Among the records below, find the line with "El corte relajado" and the line with "Then again, maybe". Set down both and every line between, exactly and with no pictures, but nothing else.

*STORED DATA*:

== Segment start ==

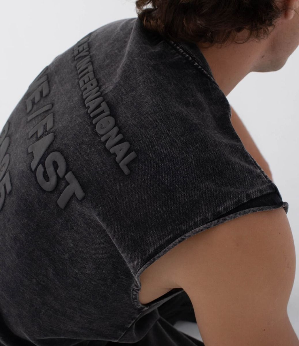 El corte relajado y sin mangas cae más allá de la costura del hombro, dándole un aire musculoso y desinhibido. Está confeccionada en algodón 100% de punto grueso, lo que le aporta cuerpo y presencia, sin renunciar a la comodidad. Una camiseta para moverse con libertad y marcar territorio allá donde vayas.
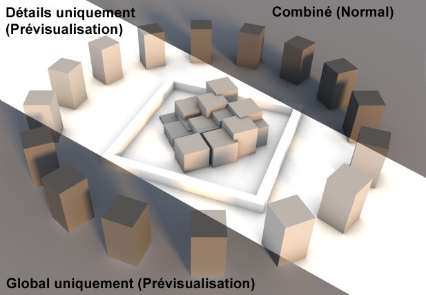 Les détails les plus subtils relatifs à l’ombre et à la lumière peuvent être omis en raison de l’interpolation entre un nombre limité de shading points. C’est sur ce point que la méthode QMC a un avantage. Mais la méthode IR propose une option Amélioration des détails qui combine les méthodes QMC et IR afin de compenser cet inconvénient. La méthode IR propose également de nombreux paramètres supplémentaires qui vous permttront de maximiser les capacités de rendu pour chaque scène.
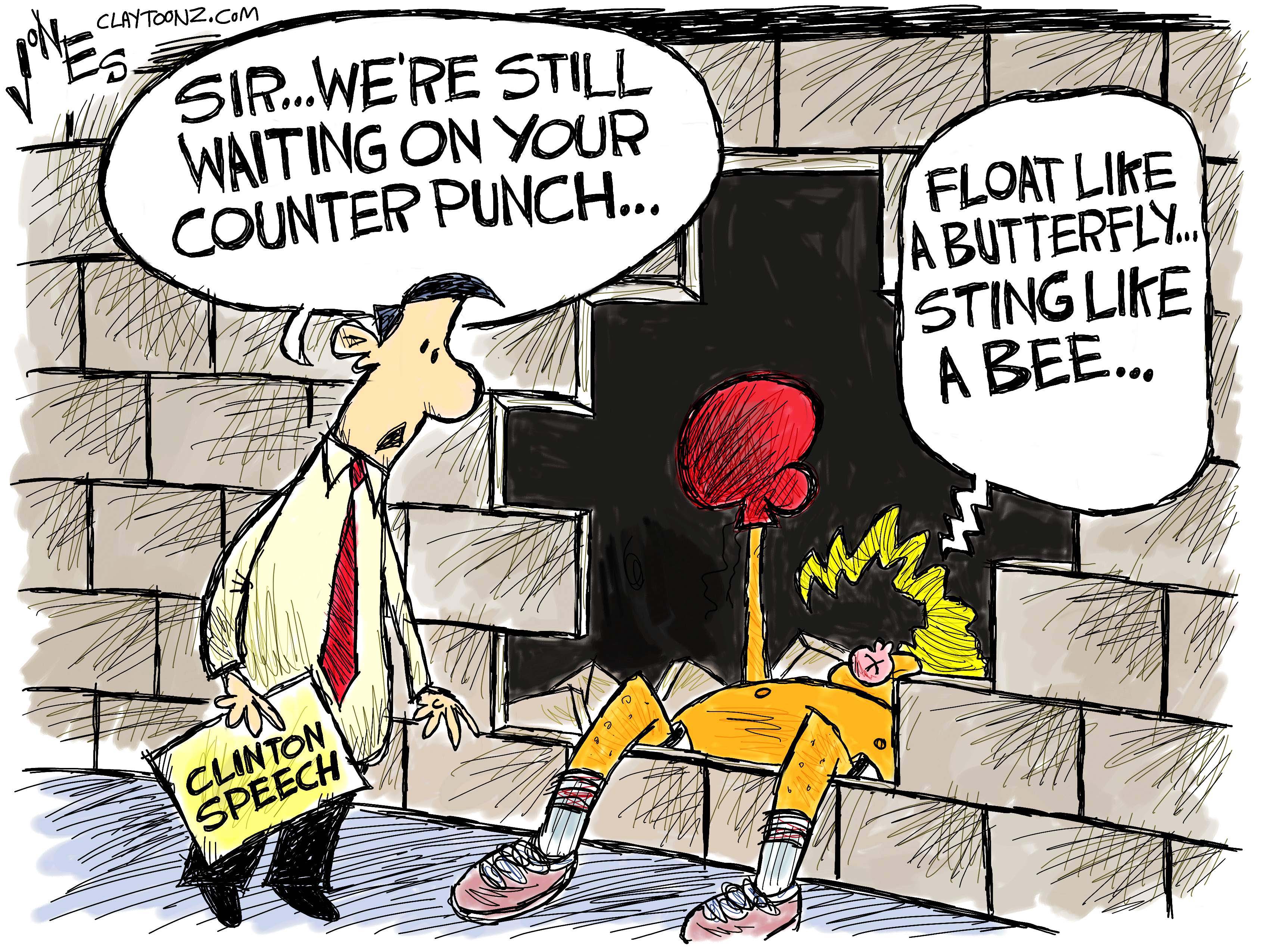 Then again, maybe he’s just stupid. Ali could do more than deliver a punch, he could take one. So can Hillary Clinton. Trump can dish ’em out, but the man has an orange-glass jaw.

== Segment end ==
== Segment start ==

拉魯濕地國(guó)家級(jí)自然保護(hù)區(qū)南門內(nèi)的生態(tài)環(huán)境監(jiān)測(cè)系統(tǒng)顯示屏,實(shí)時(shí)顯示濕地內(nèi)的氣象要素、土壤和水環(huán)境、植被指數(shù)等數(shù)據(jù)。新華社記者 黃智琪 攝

== Segment end ==

*REPLY*:
 El corte relajado y sin mangas cae más allá de la costura del hombro, dándole un aire musculoso y desinhibido. Está confeccionada en algodón 100% de punto grueso, lo que le aporta cuerpo y presencia, sin renunciar a la comodidad. Una camiseta para moverse con libertad y marcar territorio allá donde vayas.
 Les détails les plus subtils relatifs à l’ombre et à la lumière peuvent être omis en raison de l’interpolation entre un nombre limité de shading points. C’est sur ce point que la méthode QMC a un avantage. Mais la méthode IR propose une option Amélioration des détails qui combine les méthodes QMC et IR afin de compenser cet inconvénient. La méthode IR propose également de nombreux paramètres supplémentaires qui vous permttront de maximiser les capacités de rendu pour chaque scène.
 Then again, maybe he’s just stupid. Ali could do more than deliver a punch, he could take one. So can Hillary Clinton. Trump can dish ’em out, but the man has an orange-glass jaw.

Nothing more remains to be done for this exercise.